And speaking of "the step up in SQ is most welcome and revealing and wonderful".
 My system is showing signs of reaching for it's SQ peak.
  
 And I just completed my latest round of 800 modification experiments.
  
 I've hit gen 3+ for my 800 mod.
 I still have some tweaking to do, which may take it to gen 4, time will tell.
  
 But Boy Howdy is it ringing all the bells it supposed to…
  
 All the usual phrases and terms I use in these situations are making themselves known.
  
 JJ


----------



## Golfnutz

tand2016 said:


> Thanks Golfnutz and Alex
> 
> 
> 
> ...


 
 I'd be surprised if someone like Digikey even sells an 18awg pre-crimped wire since the pins are only rated at 22awg max (I haven't checked).
  
 However, if you have the means, and for the cost of 4' of 18awg wire, you could determine that yourself (experimenting on your own is part of the fun). I really doubt you'll hear any differences though.


----------



## astrostar59

johnjen said:


> And speaking of "the step up in SQ is most welcome and revealing and wonderful".
> My system is showing signs of reaching for it's SQ peak.
> 
> And I just completed my latest round of 800 modification experiments.
> ...


 

 Ha Ha, it sounds like you are taking happy pills, or more like thoroughly enjoying your sound system!
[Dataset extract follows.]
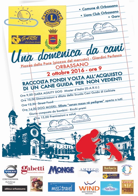 La manifestazione canina "Una domenica da cani" a cura del Lions Club di Orbassano si svolgerà domenica 2 ottobre dalle ore 9 alle 16 presso l'area verde attigua a piazza della Pace.

I think the big deal with this hobby is the enjoyment and emotional connection it can give you to music, it is good for the soul for sure. It lifts the mood so to speak. And taking away all those digital nasties I have suffered from 30 years of CD players and then various DACs, I can finally say my DAC and HPs sound like, err - VINYL!!
  
 Ridiculous isn't it, how I have spent all this money and time and tweaking, trying different gear out, buying and selling on AGon, then to finally refer back to an old school record player and how that connected ME to the music? When this happens, I can finally forget the gear, and chill out too the music, imagine the illusion of the performance in my room, which is what's it's all about - YES.


----------



## dmhenley

Has anyone tested the latest Duelund Tinned Copper hookup wire?
  
 I grabbed a good length of the stuff - 16GA - when it was discounted.
 I first upgraded the internal wiring of my speakers (98db Lore) and had some success. Next, I ran it as speaker wire. I really dig the additional tone and harmonic complexity I'm getting. 
  
 To the point of this thread...
 So, I used a bit of the left over wire to re-wire my Bottlehead SEX 2.1 headamp- only from the OT's to the headphone jack. It's 26 strand wire, so not sure I'd want to venture further in with such large wire.
  
 Don't expect much...I'll know soon...but am listening now and I feel like I am hearing more of the tone and timbre I want. 
 Too soon - could be wishful thinking. 
  
 Overall, an inexpensive experiment - $6.99 per meter at the time, though I think it's now $9.99/m - when comparing to high-end speaker cable prices.


----------



## mourip

dmhenley said:


> Has anyone tested the latest Duelund Tinned Copper hookup wire?
> 
> I grabbed a good length of the stuff - 16GA - when it was discounted.
> I first upgraded the internal wiring of my speakers (98db Lore) and had some success. Next, I ran it as speaker wire. I really dig the additional tone and harmonic complexity I'm getting.
> ...


 
  
 I first heard about the Western Electric NOS tinned copper wire and then the Duelund reissue on Jeff Day's blog. I liked the WE wire so much that I rewired my speakers with it and then ran it to my amp. I then got the Duelund 16ga wire and did the same with a newer version of my Omega Audio single driver speakers.
  
 Next I read that Jeff was also having success making IC's from it. Duelund then came out with a 16ga version that sounded better and was easier to work with for IC's.
  
 I have basically now run Duelund from my drivers to my amp and made all of my IC's with it. It does keep breaking in for a while but it has a wonderfully detailed yet natural tonality.
  
 I would say it was not just big bang-for-the buck but remarkable in an absolute sense. My Microzotl 2 and MZ10 are quite new otherwise I would probably rewire them also.


----------



## dmhenley

mourip said:


> I first heard about the Western Electric NOS tinned copper wire and then the Duelund reissue on Jeff Day's blog. I liked the WE wire so much that I rewired my speakers with it and then ran it to my amp. I then got the Duelund 16ga wire and did the same with a newer version of my Omega Audio single driver speakers.
> 
> Next I read that Jeff was also having success making IC's from it. Duelund then came out with a 16ga version that sounded better and was easier to work with for IC's.
> 
> ...




I also read about the Duelund wire on Jeff Days site. 
I agree, it is dynamic, natural and detailed sounding.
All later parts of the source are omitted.